In this era of rapid technological advancement, lithium-ion batteries have become an indispensable part of our lives. From smartphones and laptops to electric vehicles, lithium-ion batteries provide convenient energy for our daily lives. So, what exactly is a lithium-ion battery? How does it work? This article will unveil the mysteries of lithium-ion batteries for you.
1. Lithium batteries have a long lifespan, are lightweight, and are small in size.
Lithium-ion battery electric bicycles currently come from a variety of brands, including Giant, Kaiqi, Jieaobi, and Tuer. The power performance of lithium-ion battery electric bicycles is similar to that of lead-acid battery (basic electric bicycles). Charging takes 6-8 hours, and depending on the battery capacity, they can travel 30-45 kilometers. They weigh only about 1/5 of lead-acid batteries. The biggest advantage of lithium-ion battery electric bicycles is their long lifespan. The high price of lithium-ion batteries globally is only superficially apparent; in reality, the cost is similar to that of lead-acid batteries. Currently, lithium-ion batteries generally have a 2-year warranty, while lead-acid batteries have a 1-year warranty.
2. Lithium batteries have activation-free characteristics.
It's important to note that lithium batteries enter a dormant state after being stored for a period of time, at which point their capacity is lower than normal, and their usage time is shortened. However, lithium batteries are easily activated; just 3-5 normal charge-discharge cycles are sufficient to activate the battery and restore its normal capacity. Due to the inherent characteristics of lithium batteries, they have virtually no memory effect. Therefore, users do not need special methods or equipment to activate new lithium batteries.
3. Lithium batteries have a memory effect.
Consumers have always worried about the memory effect when charging lead-acid and nickel batteries. However, with lithium batteries, everyone can breathe a sigh of relief, as they do not have a memory effect.

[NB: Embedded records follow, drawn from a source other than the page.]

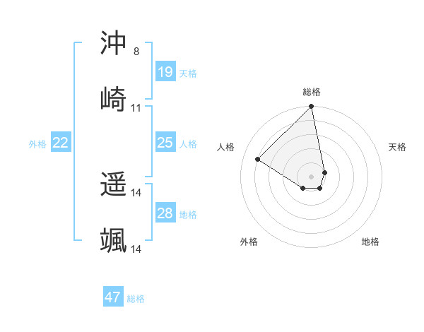 沖崎 遥颯さんの外格は22画の1点!
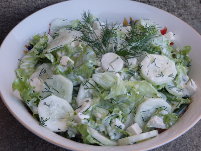 Pyszna, lekka sałatka z zielonych składników z dodatkiem sera sałatkowego. Świetnie smakuje sama, ale może być też pysznym dodatkiem do mięska do obiadu a także świetnie pasuje do kiełbaski i mięs z grilla.
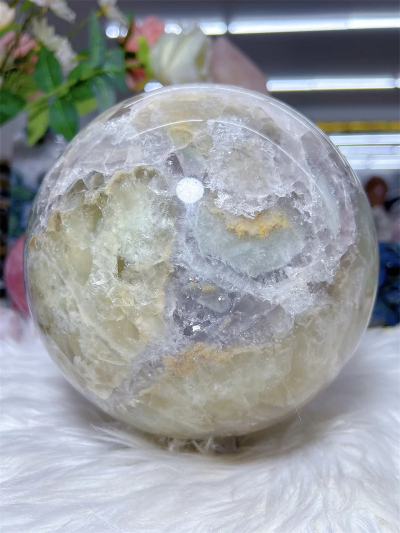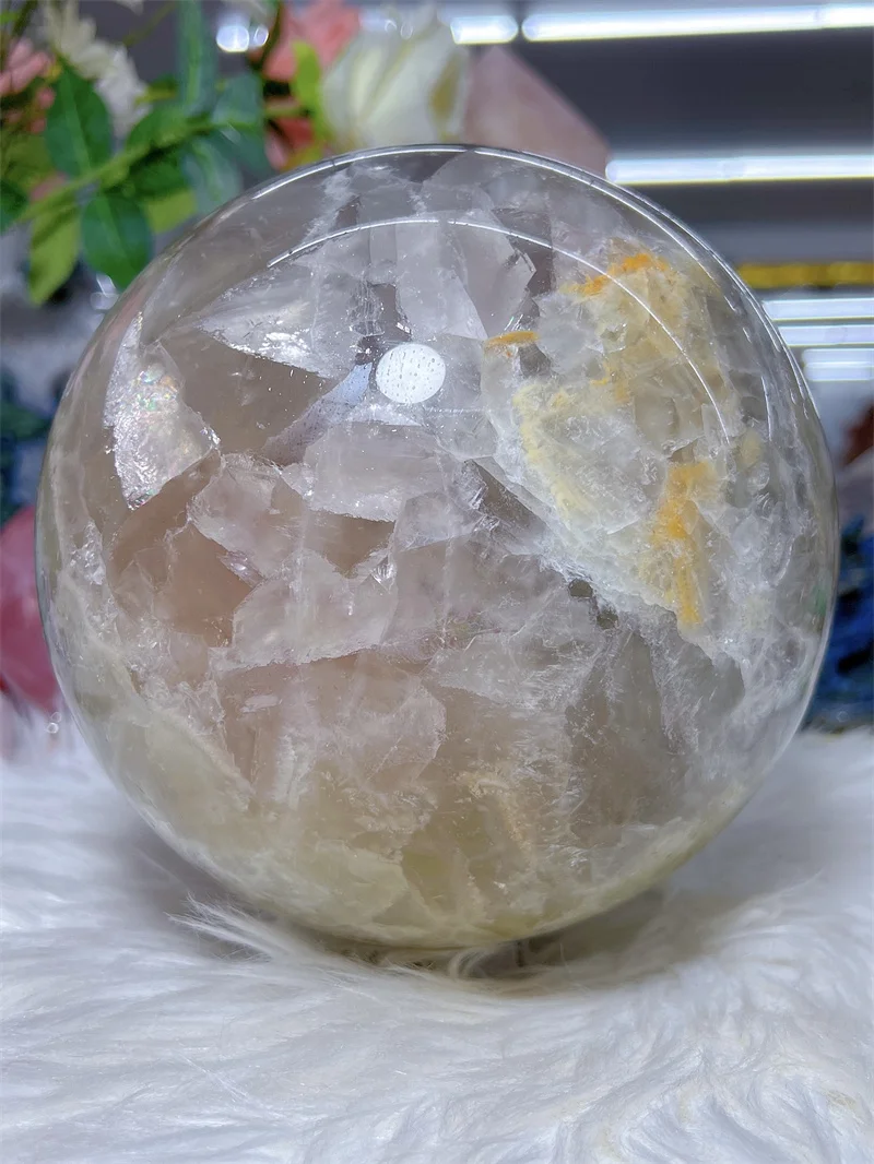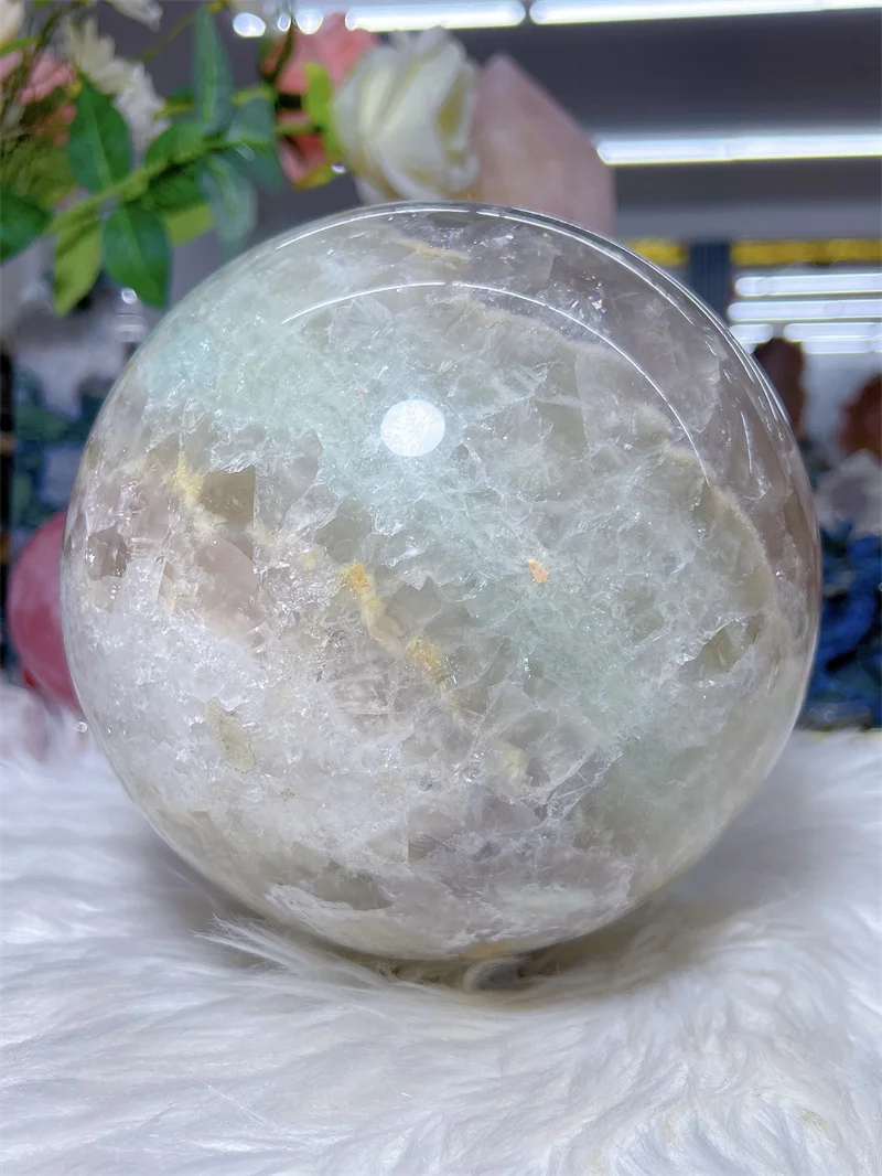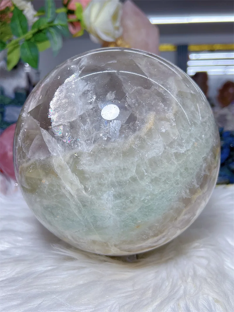 Natural Fluorite Sphere With Rain Bow Free Form Carving Reiki Healing Stone Home Decoration Exquisite Gift

If some consumers still don't know how to charge lithium batteries, they might want to read the following information.
1. The high price of lithium battery electric vehicles is mainly due to lithium batteries.
Currently, lithium battery electric bicycles are generally several hundred to a thousand yuan more expensive than lead-acid battery electric bicycles, making them difficult for consumers to accept in the market. Lithium batteries are lightweight, environmentally friendly, and do not cause pollution after disposal. Once the application technology matures and market sales increase, the price of lithium battery electric bicycles will decrease.
2. Overcharging lithium batteries can be counterproductive.
Lithium batteries and chargers automatically stop charging once the battery is fully charged; there is no "trickle" charging for 10+ hours as claimed by nickel-cadmium chargers. In other words, leaving your lithium battery on the charger after it's fully charged is pointless. Furthermore, no one can guarantee that the battery's charge/discharge protection circuitry will never change or that its quality will be flawless, so your battery will be constantly teetering on the edge of danger. This is another reason why we oppose prolonged charging.
Furthermore, in some electric vehicles, if the charger is not removed after a certain charging time, the system will not only not stop charging but will also begin a discharge-charge cycle. While the manufacturers may have their reasons for this practice, it is clearly detrimental to battery life. Therefore, when purchasing lithium batteries...
3. The power performance of lithium batteries needs to be improved.
Lithium batteries are much less resistant to fluctuations in charge and discharge than lead-acid batteries. This is one of the main reasons why lithium batteries cannot be effectively used in high-power vehicles, resulting in reduced durability.
After purchasing an electric vehicle, consult the manufacturer or dealer to ensure proper maintenance of the lithium battery.